Culture & Lifestyle
Chiya Kaka and the unfinished story of Mardi Himal
Mardi Himal is not just about landscapes. It is about people: the pioneers, the risk-takers, and the communities who bring these mountains to life.Khim Lal Devkota
My journey to Mardi Himal began not on a trail, but in my living room in Bhaisipati, Lalitpur. About two years ago, a man from a simple rural background visited me and addressed me as “Jwai” (son-in-law), a connection rooted in my wife’s ancestral village of Sidhing in Kaski. He had come to Kathmandu to give interviews on major television channels that very day; something quite extraordinary for an ordinary villager. Naturally, I was curious.
He introduced himself as Tanka Prasad Gautam, originally from Sidhing, now Ward No 9 of Machhapuchchhre Rural Municipality. He showed me several online news articles about him and shared his story: he had opened the first tea shop at the Mardi Himal viewpoint, where trekkers affectionately began calling him ‘Chiya Kaka’ (Tea Uncle). Before leaving, he warmly invited me to visit Mardi Himal, a simple invitation that would later turn into a meaningful journey.
The seeds of that journey had been sown even earlier. On August 11, 2022, I was in Pokhara for a provincial-level discussion organised by the Federalism Implementation Monitoring Parliamentary Special Committee of the National Assembly, which I was chairing. After a long day of meetings, a young man named Sudip Gautam approached me. At only 25 years old, he was the founding chairperson of the Mardi Himal Tourism Trek Management Committee and a pioneer who established the first hotel at High Camp.

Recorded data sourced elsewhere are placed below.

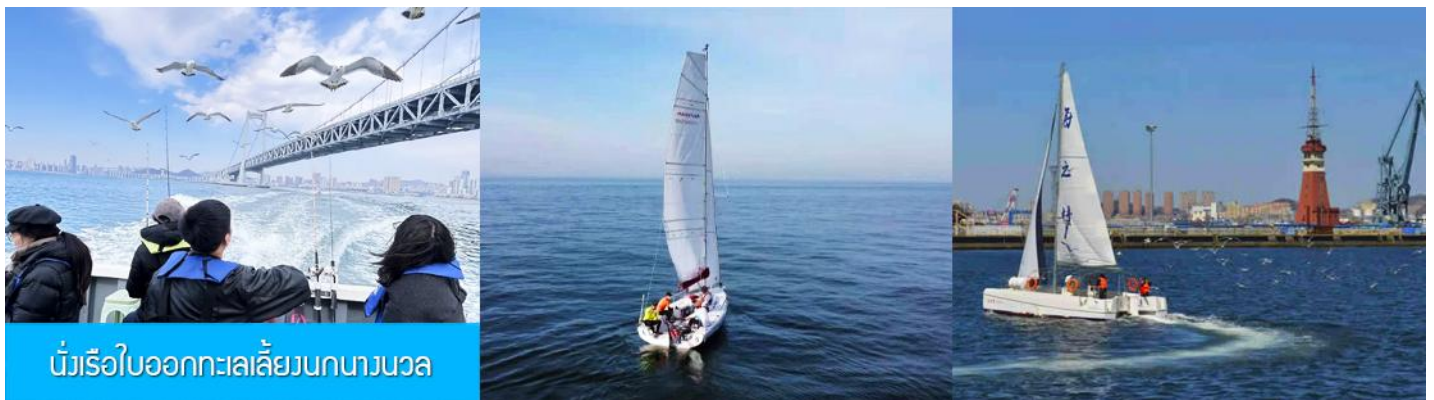
นั่งเรือใบออกทะเลเลี้ยงนกนางนวล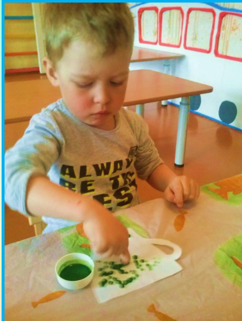
НЕТРАДИЦИОННОЕ РИСОВАНИЕ ПАЛЬЧИКАМИ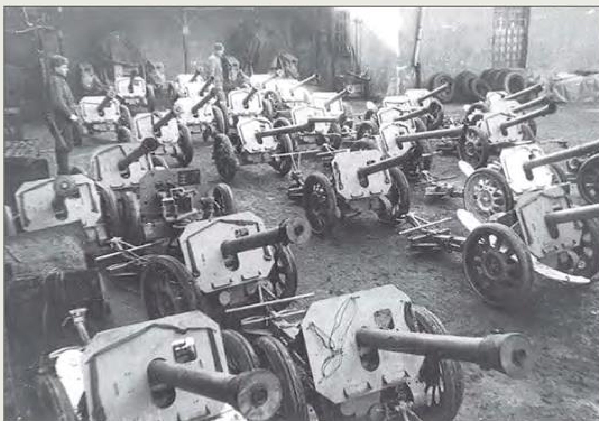
Немецкие станковые 88-мм противотанковые гранатомёты «Пупхен» (Raketenwerfer 43 «Puppchen»), захваченные советскими войсками в одном из городов Померании ▲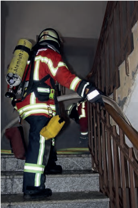
Bild 5: Treppenträume und Flure sind die Standard-Angriffswege der Feuerwehr. Es sind aber auch die baulichen Rettungswege für die Nutzer des Hauses und gleichzeitig die Zugänge, über die diese nach dem Brand wieder zu ihren Nutzungseinheiten gelangen sollen. Es gilt daher, Treppenträume und Flure auch im Zuge der Einsatzmaßnahmen nach Möglichkeit nicht zu verrauchen und/oder zu verschmutzen.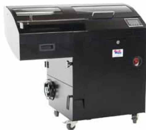
Model KT-2 skærer brød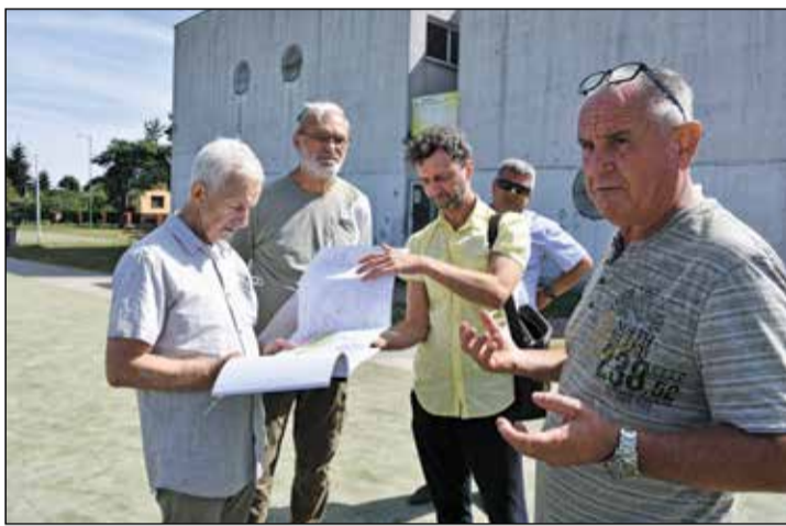
Przedstawiciele wykonawcy przejęli plac budowy.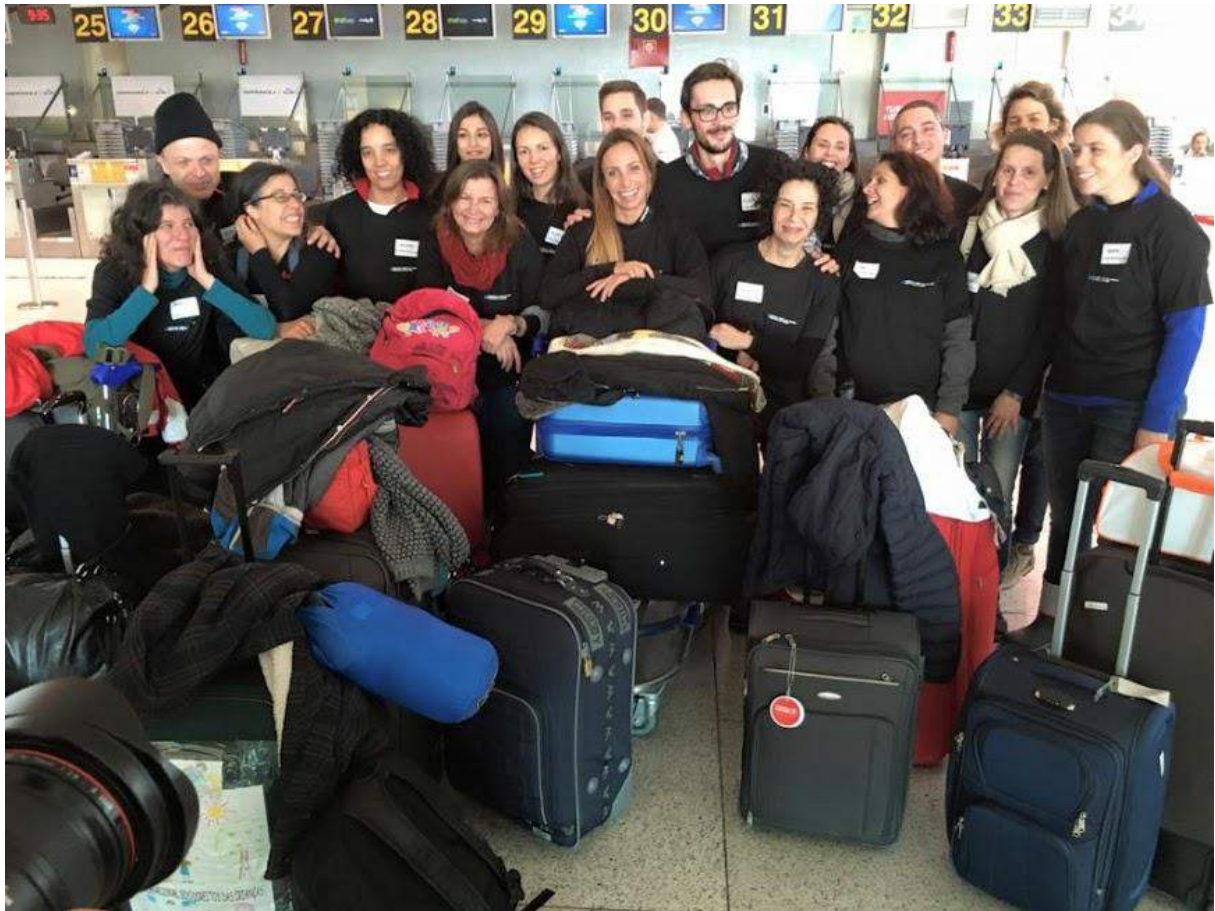
Fig. 2. Grupo de Voluntários/as da Caravana da Esperança . Dezembro de 2015.

Levamos connosco mapas da Europa, com Portugal assinalado. Quando não sabiam falar inglês (o que era raro), dávamos-lhes para a mão um papel traduzido para árabe, onde explicávamos onde ficava Portugal e como tinham de fazer para pedirem asilo. A uma dada altura fomos avisados para não mostrarmos mais o mapa e o papel, pois se fôssemos apanhados pela polícia ou militares poderíamos ser presos ou postos fora do campo sem poder trabalhar.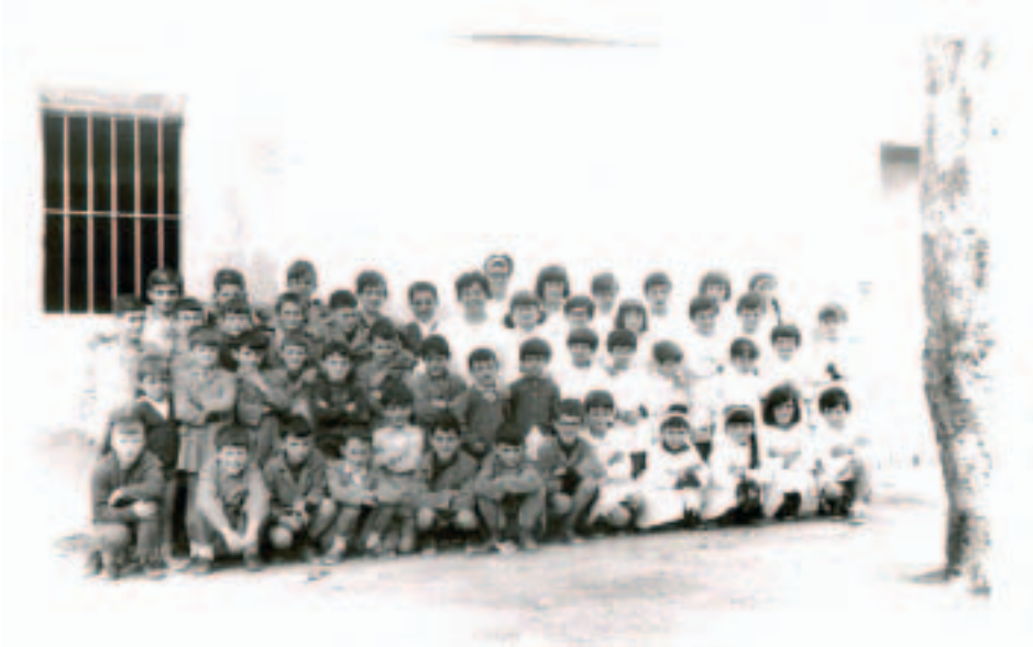
Aiako haurrak 1965ean.

1971ko urriaren 22ko aginduz itxi zuten Aiako eskola.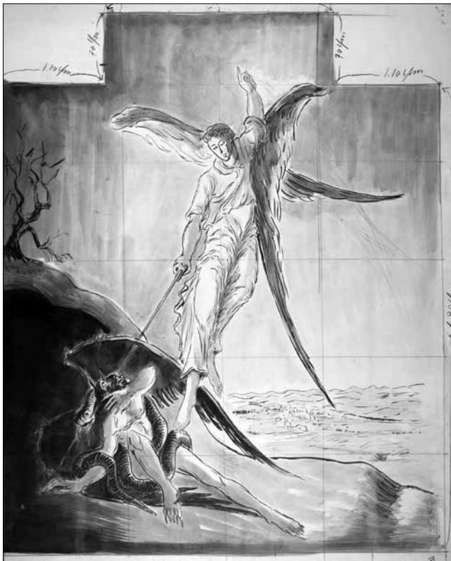
Fig.10. Esbós pel retaule de Sant Miquel (1949). Arxiu Comarcal de la Conca de Barberà, Ajuntament de Montblanc, CAT-ACCB-310-51-T-86 full 1.

Finalment, el quart i últim esbós, podem considerar-lo el darrer preparatiu abans de començar a pintar el retaule, ja que presenta una quadrícula que divideix tota l'escena per tal de convertir-lo en la pauta a seguir durant les jornades de treball [Fig.10]. 51 El dibuix, fet amb carbonet, llapis i tinta, confereix un gran protagonisme al paisatge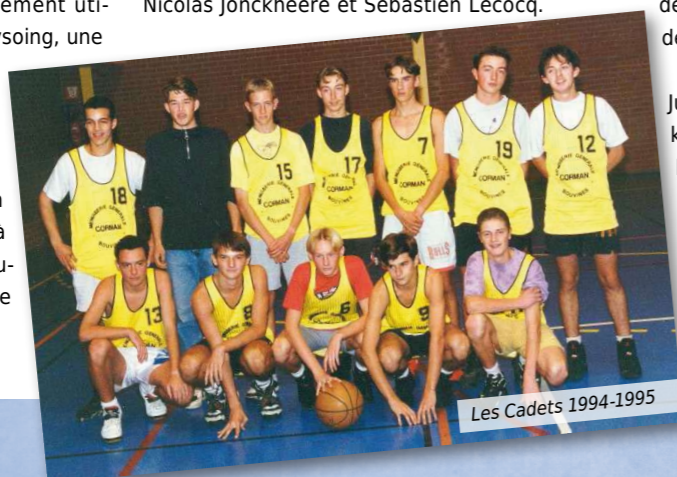
Les Cadets 1994-1995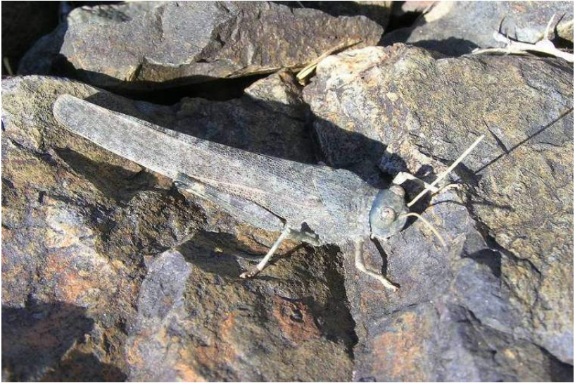
Bryodema heptapotamicum Вей-Вьенко – Семиреченская трещотка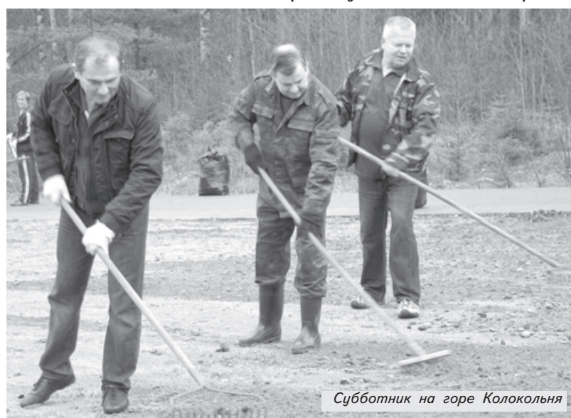
Субботник на горе Колокольня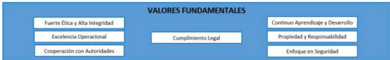
Figura 2 – Valores Fundamentales

Los Valores Fundamentales son los valores que sustentan las metas y creencias de todos los que trabajan en la Profesión de comercio exterior y aduanas No tienen un nivel de competencia y/o habilidad asociado ya que cada individuo debe esforzarse por lograr y demostrar estos valores en todo momento, y se consideran fundamentales para el acercamiento a su profesión.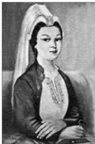
Портрет Айше Хафси. Турецький художник ХХ ст. М.А. Сагунер

Зауважимо, що листи своєму чоловікові, султанові Селіму I Явузу (Грізному), надсилала і його дружина Айше Хафса 2 . З її появою у житті Селіма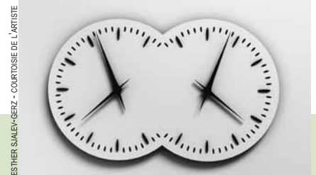
Les Inséparables, double-horloge, 2000-2010.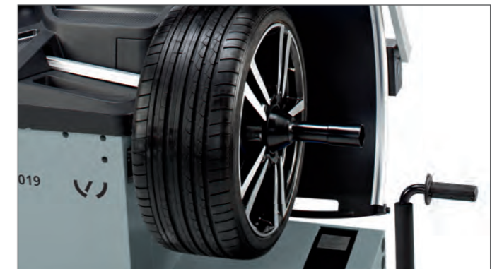
Защитный кожух Патентованный телескопический защитный кожух колеса - дополнительное место сзади стенда не требуется.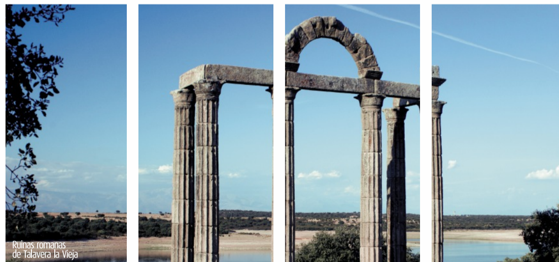
Ruinas romanas de Talavera la Vieja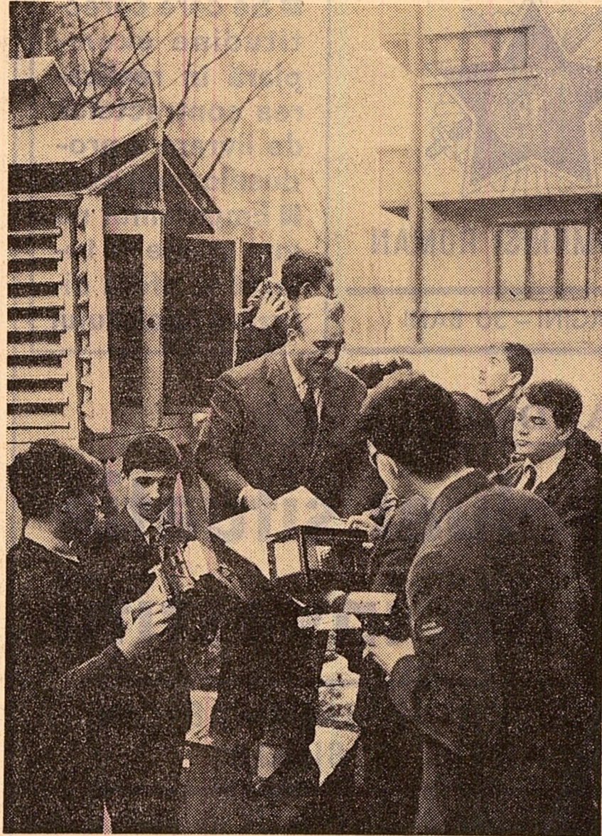
Lección practică de meteorologie.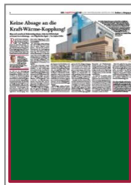
1/2 Seite B 375 x H 264 mm

Sudip spoke with urgency and conviction. He described the immense struggle involved in developing the trekking route; navigating difficult terrain, limited infrastructure, and institutional hurdles, particularly from the Annapurna Conservation Area Project. He expressed disappointment that despite the route’s growing popularity, there was little policy support or coordinated effort to promote and sustain tourism in the region. He urged me to raise these issues in Parliament.
At the time, I told him that I would speak only after seeing the situation on the ground. He insisted I visit. Tragically, less than a month later, I heard of his untimely death. The news was widely covered; an unusual recognition for a young entrepreneur from a remote village. It became clear that Sudip had become synonymous with the Mardi Himal trail itself. His death transformed my curiosity into a quiet commitment: someday, I would go.
Last week, I finally did. Accompanied by my wife Shanti and our two sons, Ayush and Aayan, we travelled from Kathmandu to Pokhara and then by jeep to Sidhing. We began our ascent along a steep trail cutting through dense forests and lush greenery. After about four hours, we reached Base Camp. It had rained along the way, and the trail was demanding, yet the sight of Machhapuchhre rising close before us made every step worthwhile.
For my family, it was a first trekking experience. Despite the physical strain, the mountains brought a sense of joy that overshadowed fatigue. My younger son, just nine years old, showed remarkable enthusiasm, smiling through every difficult stretch.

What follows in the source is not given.